[Data for review Boundary: Start]

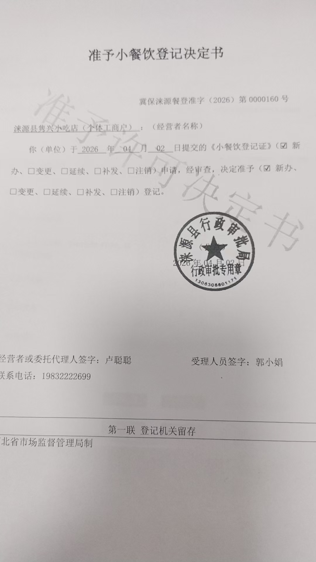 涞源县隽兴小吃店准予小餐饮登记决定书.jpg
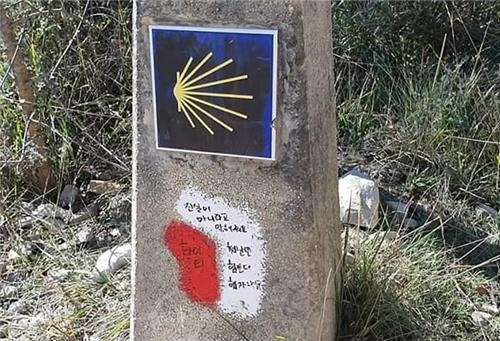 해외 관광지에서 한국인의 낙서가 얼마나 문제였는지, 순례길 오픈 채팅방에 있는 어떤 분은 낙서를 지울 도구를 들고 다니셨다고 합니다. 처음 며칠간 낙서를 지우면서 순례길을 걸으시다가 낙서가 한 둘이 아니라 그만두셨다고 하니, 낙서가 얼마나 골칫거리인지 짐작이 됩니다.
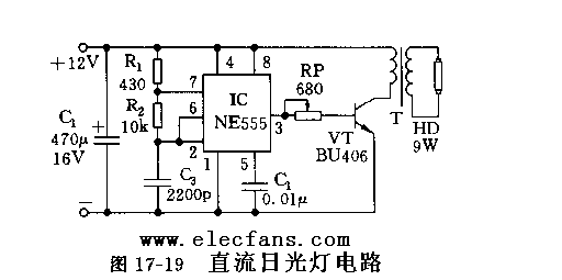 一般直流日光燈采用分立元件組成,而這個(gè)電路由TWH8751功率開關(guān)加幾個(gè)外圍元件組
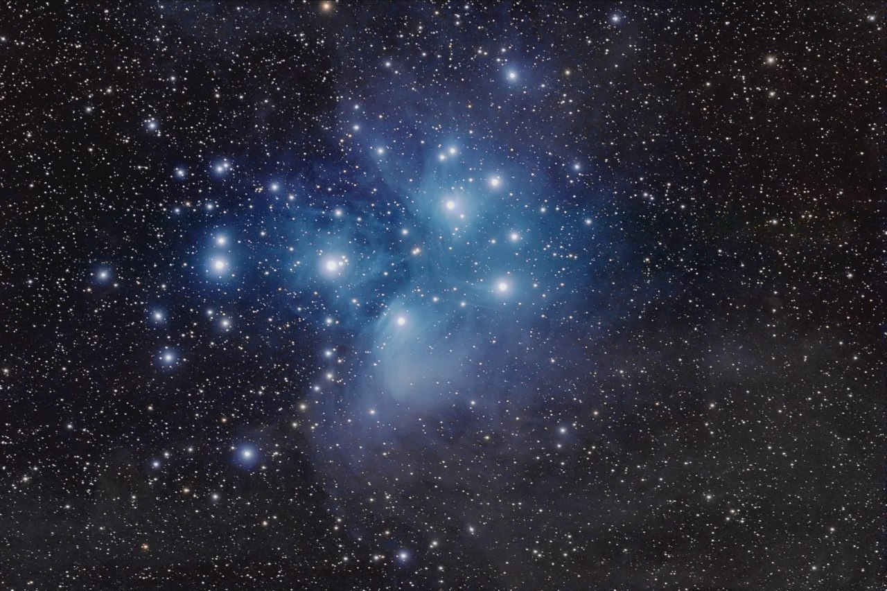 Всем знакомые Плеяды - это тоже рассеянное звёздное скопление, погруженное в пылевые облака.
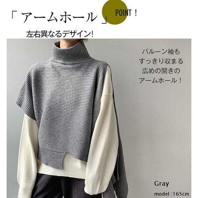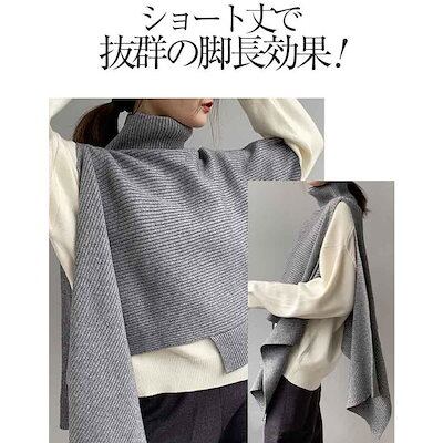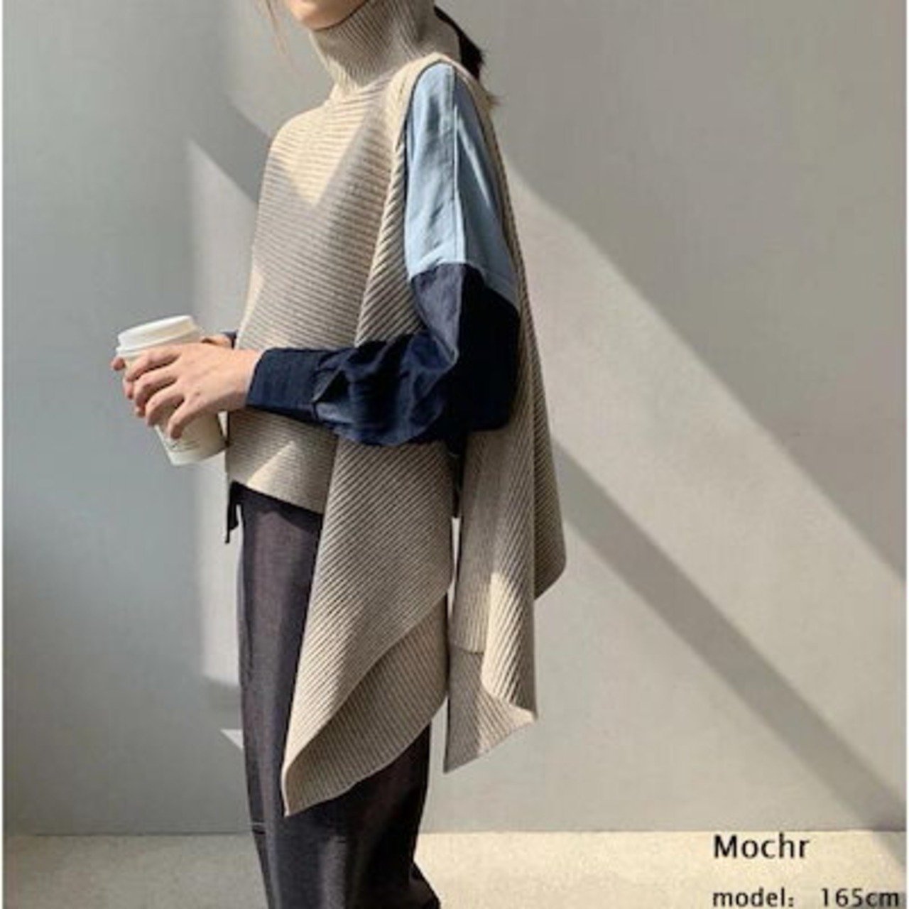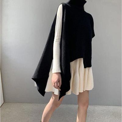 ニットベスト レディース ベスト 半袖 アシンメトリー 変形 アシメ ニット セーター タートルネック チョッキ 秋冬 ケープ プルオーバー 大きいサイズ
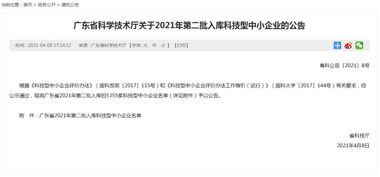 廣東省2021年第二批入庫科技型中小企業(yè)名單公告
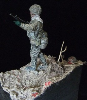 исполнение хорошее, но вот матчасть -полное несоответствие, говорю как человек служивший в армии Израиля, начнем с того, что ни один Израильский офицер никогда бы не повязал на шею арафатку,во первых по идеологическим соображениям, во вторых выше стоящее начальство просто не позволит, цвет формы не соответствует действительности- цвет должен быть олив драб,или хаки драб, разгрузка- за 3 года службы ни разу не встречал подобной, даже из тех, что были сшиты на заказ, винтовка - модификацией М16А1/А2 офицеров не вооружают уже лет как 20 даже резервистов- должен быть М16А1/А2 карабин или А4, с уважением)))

[Data for review Boundary: End]

**What you will do:** Leaving all pictures aside, print exactly the lines from the one that contains "廣東省2021年第二批入庫科技型中小企業(yè)名單公告" through the last line of the data above, inclusive.

**Exercise output:**
 廣東省2021年第二批入庫科技型中小企業(yè)名單公告
 исполнение хорошее, но вот матчасть -полное несоответствие, говорю как человек служивший в армии Израиля, начнем с того, что ни один Израильский офицер никогда бы не повязал на шею арафатку,во первых по идеологическим соображениям, во вторых выше стоящее начальство просто не позволит, цвет формы не соответствует действительности- цвет должен быть олив драб,или хаки драб, разгрузка- за 3 года службы ни разу не встречал подобной, даже из тех, что были сшиты на заказ, винтовка - модификацией М16А1/А2 офицеров не вооружают уже лет как 20 даже резервистов- должен быть М16А1/А2 карабин или А4, с уважением)))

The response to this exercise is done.